Why “For-Profit” Wins for Christian Not-for-Profit Organizations


Few words make Christian leaders more uncomfortable than fundraising. For many Christian schools and faith-based organizations, it has long been treated as a necessary burden. No one wants to talk about money.


That discomfort is costly.


That’s the tension recently explored in the Clearly Christian podcast, where Dr. Cy Smith sat down with Justin Savini, Founder of Savini Solutions and Advancement Director at Delmarva Christian School, to shed some light on fundraising, sustainability, and the mindset shifts Christian organizations must make if they want to thrive. While the conversation was rooted in Christian education, its implications extend to any mission-driven organization wrestling with growth, stewardship, and long-term impact.



Chalkboard Point #1:  Fundraising is about creating strategies and initiatives to amplify your mission


“Fundraising isn’t a role or a function of a job. It’s a strategic part of our business that not only generates revenue, but propels our mission for maximum impact.” It’s clear to Dr. Smith, and should be to others, that fundraising is one of the primary ways the mission moves forward.  It’s a key component of success.


Does this sound familiar? Christian schools, in particular, were often built on sacrifice. Tuition rarely covered the true cost of education. Teachers were paid modestly. Leaders stretched limited resources as far as possible. Fundraising existed primarily to keep the doors open, not to build for the future.


Over time, survival became the benchmark. Breaking even felt like success. Margin felt uncomfortable. Strategic investment felt risky.


But survival-based thinking limits impact.


No margin, no mission,” says Justin Savini Without margin, organizations lose flexibility. Vision narrows. Leaders are forced into reactive decisions instead of proactive planning. The mission may remain strong in theory, but it lacks the fuel to move.


Money is not the mission, but it is the means.


Strategic fundraising begins when leaders stop treating it as “asking for money” and start seeing it as inviting others into meaningful work. Savini describes fundraising as relational at its core, explaining that when leaders focus on telling the story of impact, the right supporters often respond by asking how they can help.


Further, many Christian schools still operate with what Dr. Smith calls a “public-school mindset”, the belief that families simply enroll based on geography or tradition. But today’s landscape is different. School choice, rising costs, and increasing competition mean Christian schools must clearly articulate their value and intentionally build stakeholder support.


Fundraising, then, becomes one of the primary ways that organizations clarify who they are and why they matter.

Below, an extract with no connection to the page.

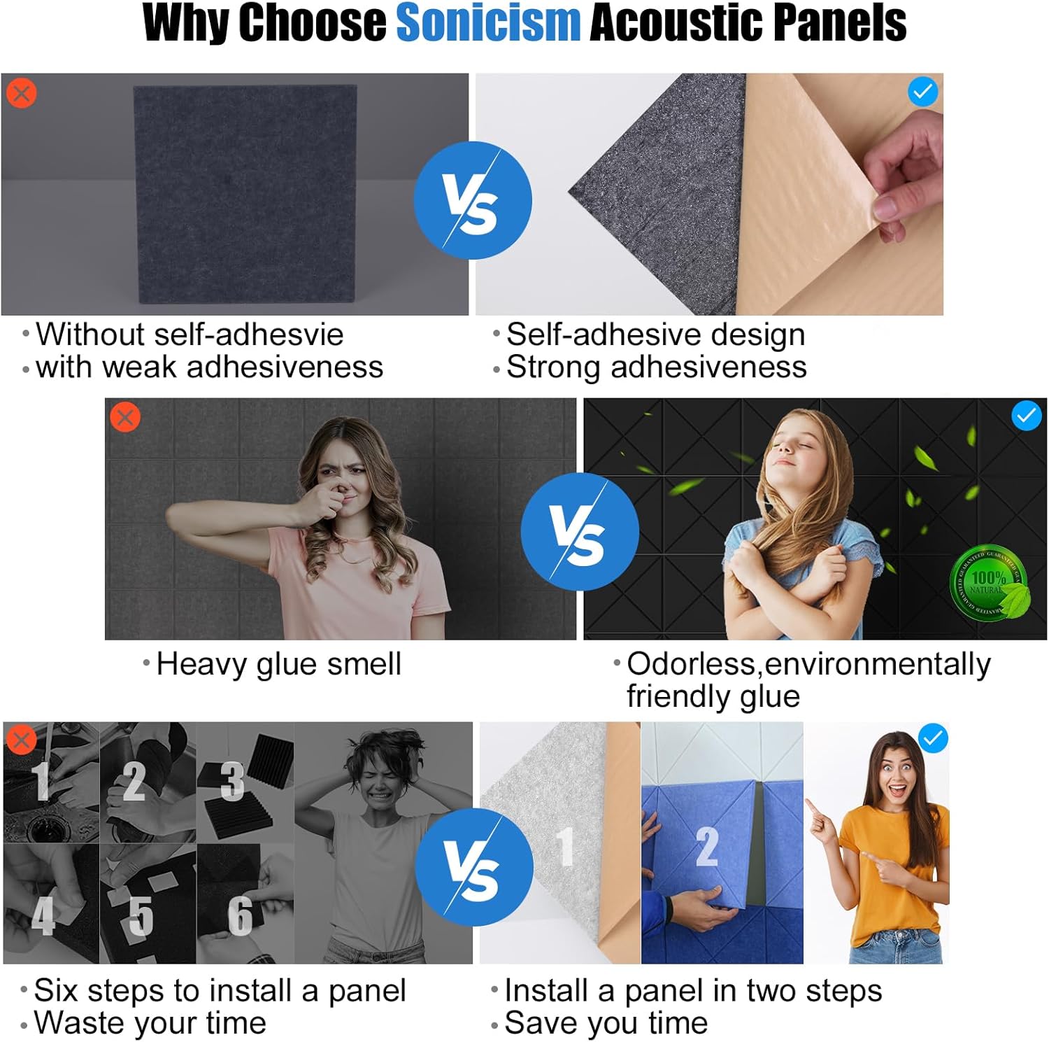 - [Quality & Service Guarantee]: Deeply rooted in sound dampening panels industry for years, Sonicism places great emphasis on product quality and offer prompt sales service. Don't hesitate to contact us anytime with sound proof panels questions. Your satisfaction is our priority

Chalkboard Point #2: Any successful organization, including Christian Schools, will need to do marketing, branding, strategic planning, etc., to drive consumer behavior


One of the most common barriers to strategic fundraising is hesitation to invest in it. Boards worry about budgets already under strain. Leaders hesitate to add development staff or outside support because resources feel scarce.


Savini addresses this tension plainly: “Christian schools often say, ‘We wish we could afford help.’ But the reality is, they can’t afford not to build it.” Development is one of the few areas in a nonprofit that can actually multiply resources rather than consume them. When it’s under-resourced, the organization remains stuck in scarcity.

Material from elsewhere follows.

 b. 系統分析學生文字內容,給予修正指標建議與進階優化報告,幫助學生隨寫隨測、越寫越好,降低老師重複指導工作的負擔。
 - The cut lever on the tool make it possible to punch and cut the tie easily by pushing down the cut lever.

Dr. Smith echoes this concern, pointing out that Christian schools often expect fundraising to succeed without giving it the infrastructure it requires. “You can no longer take these things for granted,” he says, “and assume that just having ‘Christian’ in your name will attract the right audience.” Strategic fundraising requires planning, investment, and leadership buy-in.


At the root of these struggles is a misunderstanding of what “nonprofit” truly means. Nonprofit does not mean “for-loss”. It does not mean avoiding surplus. It simply means individuals do not personally benefit from excess revenue. The organization can and it should.


Healthy margin allows Christian organizations to build reserves, invest in people, improve programs, and weather unexpected challenges. “If you have money left at the end of the year, you didn’t fail,” Savini says.  “You gained the ability to build.”


“If it’s God’s will, it’s God’s bill”, says Savini.  It’s a clear call to faith and stewardship.  But that confidence does not eliminate responsibility. Faith and action were never meant to compete. Scripture consistently pairs prayer with preparation and calling with obedience.

Strategic fundraising is not about becoming sales-driven. It is about becoming mission-serious.


Purpose and profit are not enemies.They are partners.


And when Christian leaders embrace that truth, they give their organizations permission to grow with strength, clarity, and lasting impact.  That’s a choice that is strategically better than the opportunity to just survive.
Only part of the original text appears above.